Dataset records
• • • • • • •

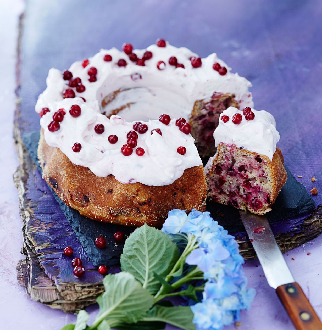 - Kuumenna uuni 175 asteeseen. Sekoita munat, sokeri ja kermaviili. Yhdistä kuivat aineet ja sekoita ne muna-sokeriseokseen. Pyöräytä mukaan puolukat.
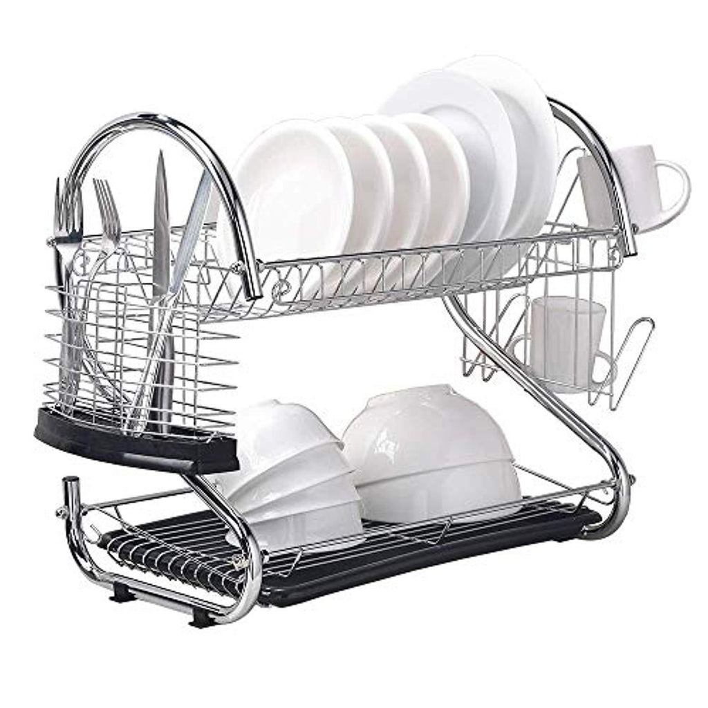 Wtape Durable Steel Rust Proof Kitchen In Sink Two Tier Dish Drying Rack, Dish Drainer
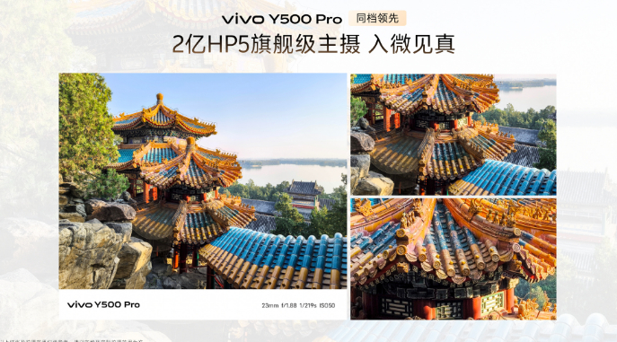 Y500 Pro 国民小旗舰影像方面,vivo Y500 Pro搭载了2亿HP5旗舰级主摄,采用了旗舰同款三星HP5大底传感器,感光面积同比提升了56%,还支持2亿HP5旗舰级主摄。
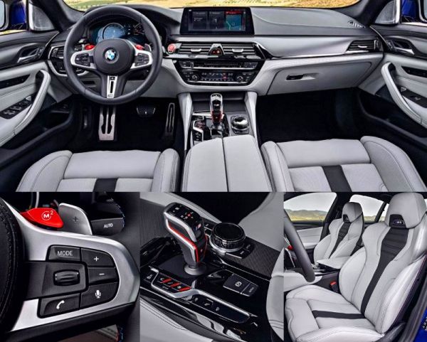 Ezeken tökéletesen látható a hatalmas méretű első légbeömlő, a 20 colos felnik a 275/35 ZR20 méretű abroncsokkal, vagy épp a négy darab kipufogó-végződés. Nagy újdonságot a belső tér fényképein látni, mégpedig azt, hogy a kormány karimája mögött nem csak a bajuszkapcsolókat, a 8 fokozatú automatikus váltót vezérlő füleket helyezték el, de ide került még két darab piros M1 és M2 kapcsoló is; úgy tűnik, a küllőkön már nem jutott hely ezeknek. Ezek a gyorsbillentyűk az előre beprogramozott üzemmódokhoz, egyébként az M3/M4-ből ismert módon az előválasztókar melletti kapcsolókkal lehet vezérelni a motor, futómű és kormányzás finomhangolását.
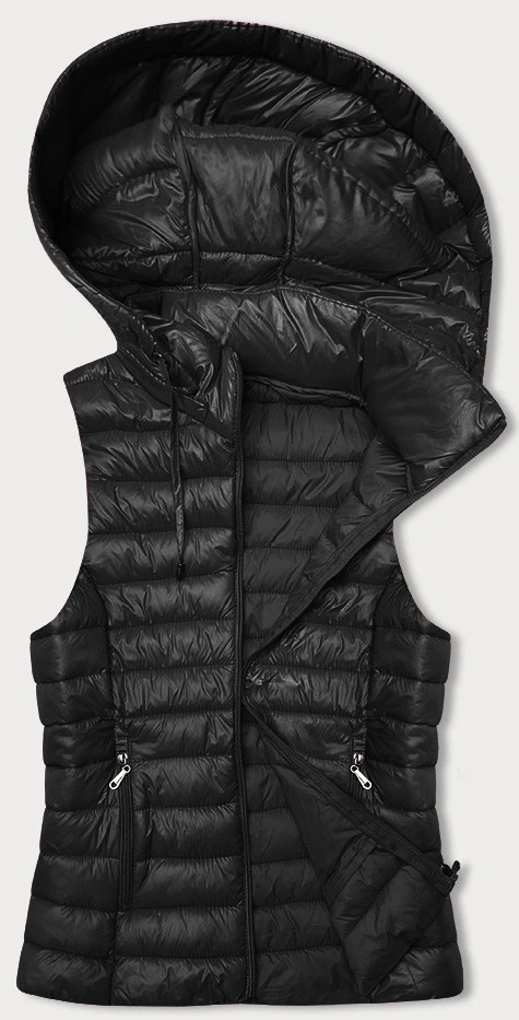 Vesta je lehce zateplená syntetickou péřovou výplní, má vypasovaný střih, dvě kapsy a zapíná se zipem. Model má délku k bokům.
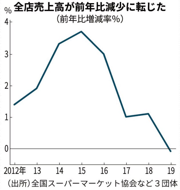 食品スーパー売上高、前年割れ - 日本経済新聞

• • • • • • •

Task description »
Hand back the records above exactly, leaving out every picture.

Finished exercise »
 - Kuumenna uuni 175 asteeseen. Sekoita munat, sokeri ja kermaviili. Yhdistä kuivat aineet ja sekoita ne muna-sokeriseokseen. Pyöräytä mukaan puolukat.
 Wtape Durable Steel Rust Proof Kitchen In Sink Two Tier Dish Drying Rack, Dish Drainer
 Y500 Pro 国民小旗舰影像方面,vivo Y500 Pro搭载了2亿HP5旗舰级主摄,采用了旗舰同款三星HP5大底传感器,感光面积同比提升了56%,还支持2亿HP5旗舰级主摄。
 Ezeken tökéletesen látható a hatalmas méretű első légbeömlő, a 20 colos felnik a 275/35 ZR20 méretű abroncsokkal, vagy épp a négy darab kipufogó-végződés. Nagy újdonságot a belső tér fényképein látni, mégpedig azt, hogy a kormány karimája mögött nem csak a bajuszkapcsolókat, a 8 fokozatú automatikus váltót vezérlő füleket helyezték el, de ide került még két darab piros M1 és M2 kapcsoló is; úgy tűnik, a küllőkön már nem jutott hely ezeknek. Ezek a gyorsbillentyűk az előre beprogramozott üzemmódokhoz, egyébként az M3/M4-ből ismert módon az előválasztókar melletti kapcsolókkal lehet vezérelni a motor, futómű és kormányzás finomhangolását.
 Vesta je lehce zateplená syntetickou péřovou výplní, má vypasovaný střih, dvě kapsy a zapíná se zipem. Model má délku k bokům.
 食品スーパー売上高、前年割れ - 日本経済新聞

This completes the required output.